**Supplied information:**
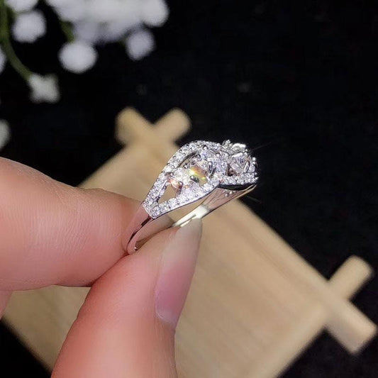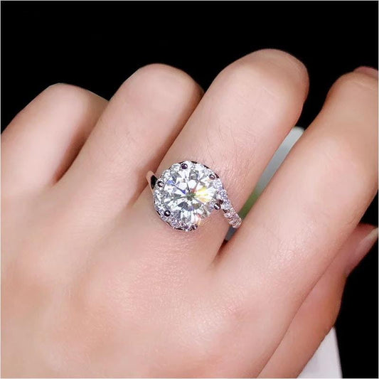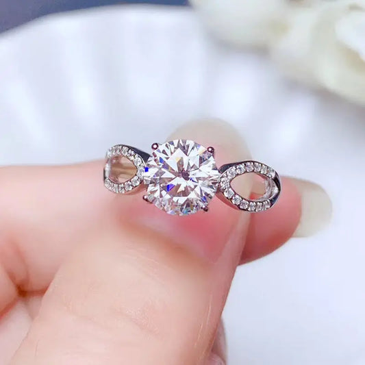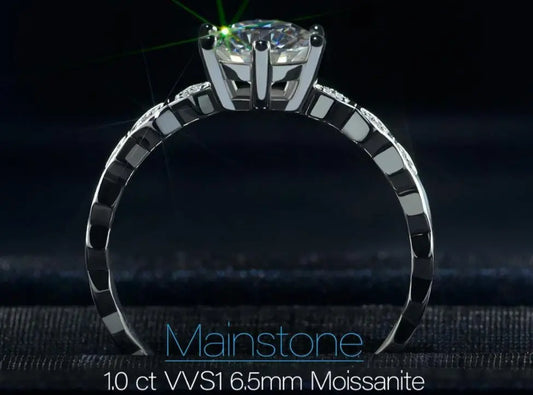 White Gold Plated Moissanite Ring 1ct Center Stone / Unique Style Engagement Rings
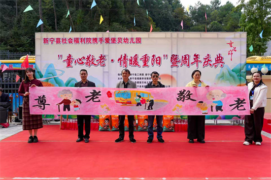 中国新报讯(特约记者 周洁)金秋送爽,情暖重阳。10月29日重阳节上午9时30分,新宁县社会福利院暖意融融、欢声阵阵,由新宁县福康养老服务有限公司、新宁县爱堡贝幼儿园有限公司联合主办,新宁县工商联、新宁县民政局指导,新宁县崀韵文化传媒演艺有限公司特邀赞助的“童心敬老·情暖重阳”爱老敬老暨周年庆典活动在此温情启幕。县政协副主席、县工商联主任林小石,县民政局副局长唐河生出席活动,爱堡贝幼儿园300余名师生及家长、福利院100余位老人与社会各界人士齐聚一堂,共庆重阳佳节。
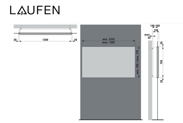 Монтажная рама для зеркального шкафчика Laufen Frame 25 130 см алюминий H4087809000001

**What you need to do:** Repeat the listing above word for word and leave its images out.

**Answer to the problem:**
 White Gold Plated Moissanite Ring 1ct Center Stone / Unique Style Engagement Rings
 中国新报讯(特约记者 周洁)金秋送爽,情暖重阳。10月29日重阳节上午9时30分,新宁县社会福利院暖意融融、欢声阵阵,由新宁县福康养老服务有限公司、新宁县爱堡贝幼儿园有限公司联合主办,新宁县工商联、新宁县民政局指导,新宁县崀韵文化传媒演艺有限公司特邀赞助的“童心敬老·情暖重阳”爱老敬老暨周年庆典活动在此温情启幕。县政协副主席、县工商联主任林小石,县民政局副局长唐河生出席活动,爱堡贝幼儿园300余名师生及家长、福利院100余位老人与社会各界人士齐聚一堂,共庆重阳佳节。
 Монтажная рама для зеркального шкафчика Laufen Frame 25 130 см алюминий H4087809000001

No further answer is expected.